**What is being asked:** Reproduce the listing in full, exactly as written, but without images.

**Information provided:**
%%

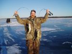 Been hearing better reports from guys fishing off the breaks, ( I normally like to set up at the base of a breakline.) Tried tonight about 50 yards off a break, in about 35 FOW. Actually had a pretty decent trip. It was a refreshing change of pace to have the majority of fish that came through actually bite! Landed 9 walleyes tonight, with four of them being legal fish between 15 1/2 and 19 inches. All on jigs - no action on the tip-ups, (one of my minnows did get chewed up pretty good without tripping the flag, though.) I did mark three big fish tonight, but they were the only ones that didn't want to play.
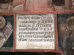 A 17th-century inscription in Greek from the Church of the Nativity of Christ, Arbanasi (the Bulgarian Orthodox population in the Ottoman Empire until 1870 was under the spiritual authority of the Greek Patriarchate of Constantinople)
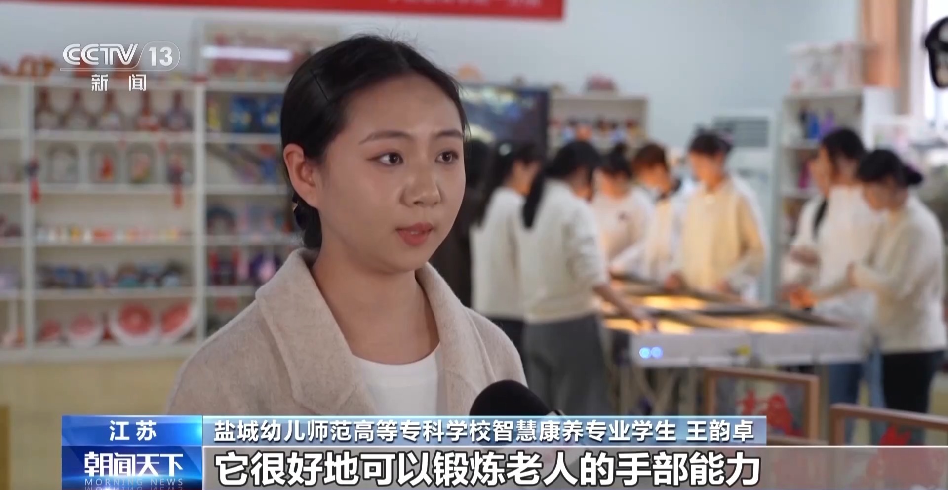 盐城幼儿师范高等专科学校智慧康养专业学生 王韵卓:它可以很好地锻炼老人的手部能力,还可以放松心情,是康养服务的创新手段。

%%

**Exercise output:**
 Been hearing better reports from guys fishing off the breaks, ( I normally like to set up at the base of a breakline.) Tried tonight about 50 yards off a break, in about 35 FOW. Actually had a pretty decent trip. It was a refreshing change of pace to have the majority of fish that came through actually bite! Landed 9 walleyes tonight, with four of them being legal fish between 15 1/2 and 19 inches. All on jigs - no action on the tip-ups, (one of my minnows did get chewed up pretty good without tripping the flag, though.) I did mark three big fish tonight, but they were the only ones that didn't want to play.
 A 17th-century inscription in Greek from the Church of the Nativity of Christ, Arbanasi (the Bulgarian Orthodox population in the Ottoman Empire until 1870 was under the spiritual authority of the Greek Patriarchate of Constantinople)
 盐城幼儿师范高等专科学校智慧康养专业学生 王韵卓:它可以很好地锻炼老人的手部能力,还可以放松心情,是康养服务的创新手段。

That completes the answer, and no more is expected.